Quem vai vencer a guerra? Cremos que inguém.É melhor pensar então que o Bem só vence quando ele realizar a síntese do positivo com o negativo, para que haja luz.Sem esta polaridade e esta tensão, não pode haver luz nem vitória.Daí a importância do dialógo espiritual, presente em todas as tradições verdadeiras que afirmam o amor de Deus e apontam para o mesmo caminho.

Leva tempo para que os setores mais conservadores da sociedade deixem de estar influenciada pela grande confusão gerada pela cultura do conflito e da guerra contra as drogas.Pois ela é capaz ainda hoje de não estabelecer uma diferença clara entre o uso ritual e religioso de um sacramento, prática milenar da humanidade desde seus primórdios e a questão de abuso de drogas,tráfico e bandidagem.

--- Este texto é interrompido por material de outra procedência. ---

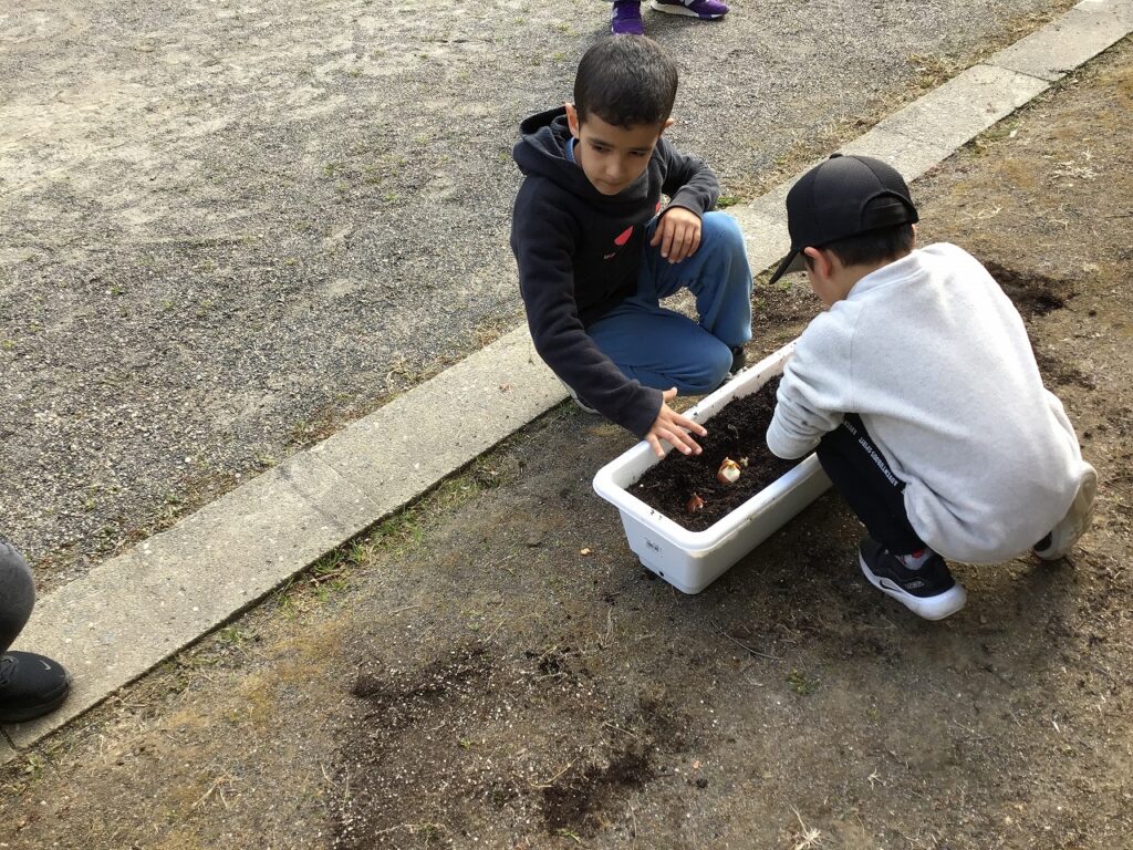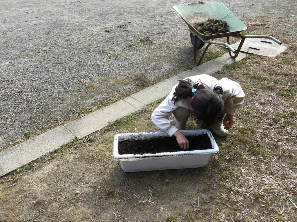 花いっぱい活動を行いました 投稿日時: 2026年1月19日 投稿者: kabuto 今日は、花いっぱい活動の日です。子どもたちは、地域の花ボランティアさんと一緒にチューリップの球根をプランターに植えました。その後は、花ボランティアさんと一緒に運動場の草ぬきをしました。

Mas desde que assumimos este desafio e nos apresentamos diante das autoridades e dos especialistas em busca do reconhecimento do direito de praticar nossa religião, não houve quem nos deixasse de dar razão.E a prova disto são nossas vitórias, que hoje nos garante um status de legalidade, de liberdade religiosa, que vai se enraizando no nosso Brasil e também conquistando pela força do bom direito, outros países e continentes.

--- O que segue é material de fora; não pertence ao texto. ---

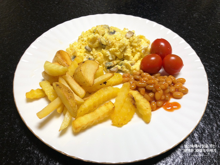 메뉴: 오믈렛, 감자튀김, 베이크드빈, 방울토마토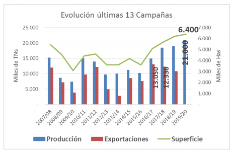 Pero veamos las exportaciones también, desde la 16/17 han superado las 12 millones de toneladas. Hasta la fecha por ejemplo, se llevan más de 10 millones de toneladas comercializadas al sector exportador, veremos si este volumen supera nuevamente las 12 millones de toneladas.

Por conta deste universalismo da mensagem espiritual dos nossos mestres é que cultivamos muitas alianças espirituais, cultuamos nossos antepassados e as gerações de homens de conhecimenro que nos precederam.Respeitamos muitas plantas sagradas e linhas espirituais que trazem seu testemunho de verdade, acrescentando e somando nesta grande obra.

Mesmo que a nossa linha seja esta e o nosso trabalho tenha como base o Santo Daime, dedicamos um grande apreço `a todas as tradições enteógenas das Américas, da Ásia e da Africa.Respeitamos e sabemos aprender com elas também.

Portanto, só temos a lamentar quando o preconceito e a falta de consciência espiritual se infiltram bem próximo de nós, ou no nosso próprio seio, a ponto de ao invés de nos unirmos e praticarmos um saudável ecumenismo baseado no respeito `as diferenças, vemos em alguns sites pretensamente daimistas manifestações cabais de intolerência, desrespeito e ignorância.

Para estes eu recomendaria ouvirem com atenção o conselho do Padrinho Sebastião quando ele diz que espiritualidade é respeito.Deveríamos respeitar todas as linhas que existem e pesquisar se são verdadeiras e se trazem benefícios.E se trazem, saber usá-las, sempre com este objetivo elevado.

Se tivermos esta coragem certamente estaremos contribuindo para um mundo melhor, uma humanidade melhor e consequentemente estaremos habitando um planeta mais viável do que este de hoje, ameaçado por uma lógica insana que paira sobre todos.

É mais ou menos isso que estamos buscando.E Oxalá Deus nos ajude a continuar nossa batalha no meio da floresta.